:: EXERCISE GOAL ::
Give the data below again exactly, and drop each picture from it.

:: DATA BLOCK ::
────────

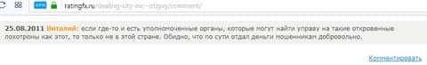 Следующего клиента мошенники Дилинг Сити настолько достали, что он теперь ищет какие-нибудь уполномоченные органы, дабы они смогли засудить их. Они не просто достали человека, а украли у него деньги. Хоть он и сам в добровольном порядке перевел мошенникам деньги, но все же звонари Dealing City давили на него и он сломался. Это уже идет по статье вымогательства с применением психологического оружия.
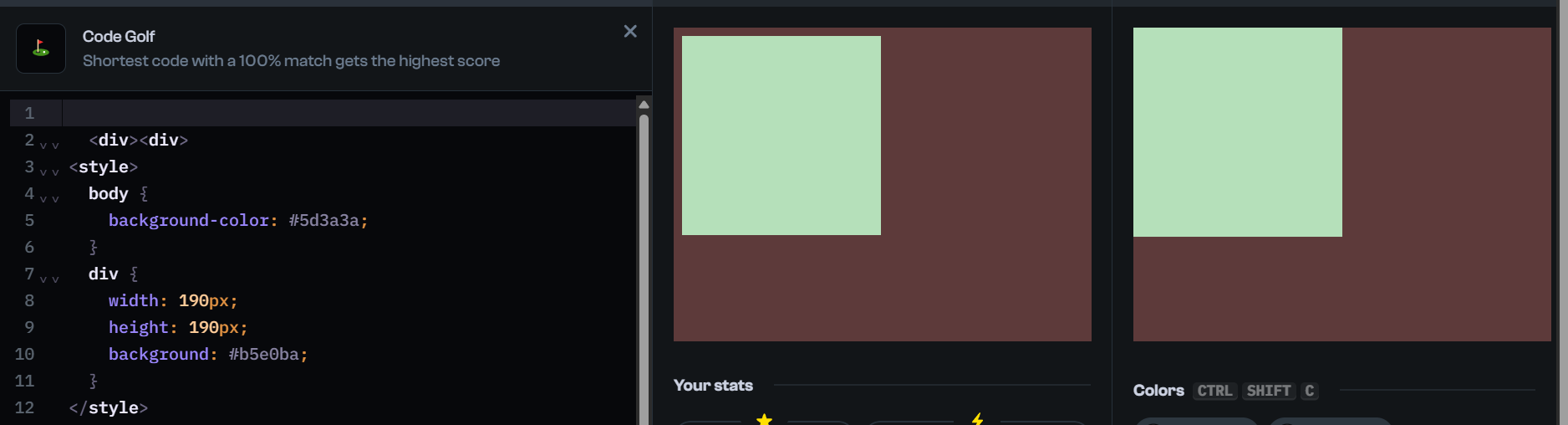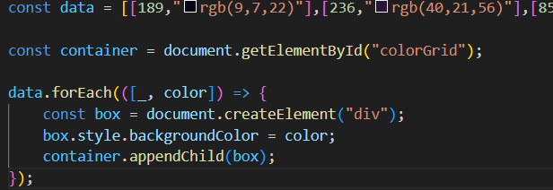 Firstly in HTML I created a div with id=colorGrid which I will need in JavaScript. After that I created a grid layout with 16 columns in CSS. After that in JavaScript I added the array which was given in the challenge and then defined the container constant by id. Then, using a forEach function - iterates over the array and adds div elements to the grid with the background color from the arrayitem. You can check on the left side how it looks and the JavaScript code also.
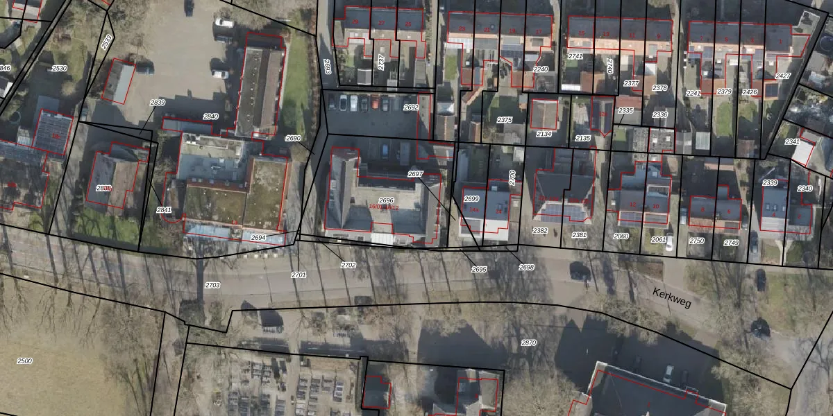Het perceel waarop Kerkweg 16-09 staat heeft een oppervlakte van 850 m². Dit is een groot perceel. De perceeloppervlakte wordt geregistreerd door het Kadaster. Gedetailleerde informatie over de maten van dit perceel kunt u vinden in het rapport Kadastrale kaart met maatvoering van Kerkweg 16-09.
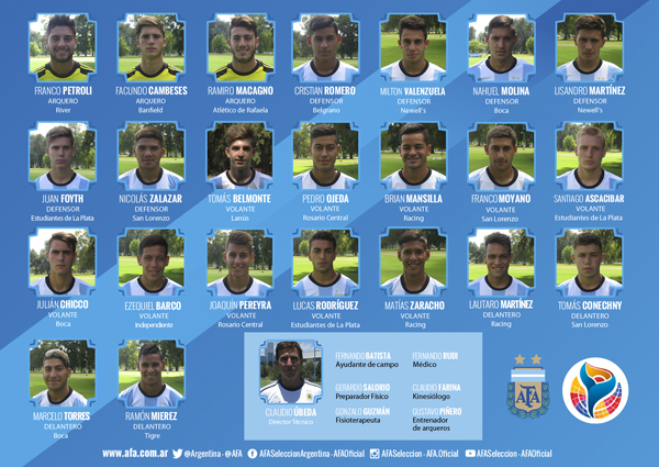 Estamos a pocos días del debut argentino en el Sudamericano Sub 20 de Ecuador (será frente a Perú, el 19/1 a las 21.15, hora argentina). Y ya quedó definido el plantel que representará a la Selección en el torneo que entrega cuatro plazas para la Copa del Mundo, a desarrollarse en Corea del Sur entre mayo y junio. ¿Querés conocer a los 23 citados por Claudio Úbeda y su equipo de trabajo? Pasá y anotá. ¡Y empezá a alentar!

────────

:: ANSWER FOR THIS EXERCISE ::
 Следующего клиента мошенники Дилинг Сити настолько достали, что он теперь ищет какие-нибудь уполномоченные органы, дабы они смогли засудить их. Они не просто достали человека, а украли у него деньги. Хоть он и сам в добровольном порядке перевел мошенникам деньги, но все же звонари Dealing City давили на него и он сломался. Это уже идет по статье вымогательства с применением психологического оружия.
 Firstly in HTML I created a div with id=colorGrid which I will need in JavaScript. After that I created a grid layout with 16 columns in CSS. After that in JavaScript I added the array which was given in the challenge and then defined the container constant by id. Then, using a forEach function - iterates over the array and adds div elements to the grid with the background color from the arrayitem. You can check on the left side how it looks and the JavaScript code also.
Het perceel waarop Kerkweg 16-09 staat heeft een oppervlakte van 850 m². Dit is een groot perceel. De perceeloppervlakte wordt geregistreerd door het Kadaster. Gedetailleerde informatie over de maten van dit perceel kunt u vinden in het rapport Kadastrale kaart met maatvoering van Kerkweg 16-09.
 Estamos a pocos días del debut argentino en el Sudamericano Sub 20 de Ecuador (será frente a Perú, el 19/1 a las 21.15, hora argentina). Y ya quedó definido el plantel que representará a la Selección en el torneo que entrega cuatro plazas para la Copa del Mundo, a desarrollarse en Corea del Sur entre mayo y junio. ¿Querés conocer a los 23 citados por Claudio Úbeda y su equipo de trabajo? Pasá y anotá. ¡Y empezá a alentar!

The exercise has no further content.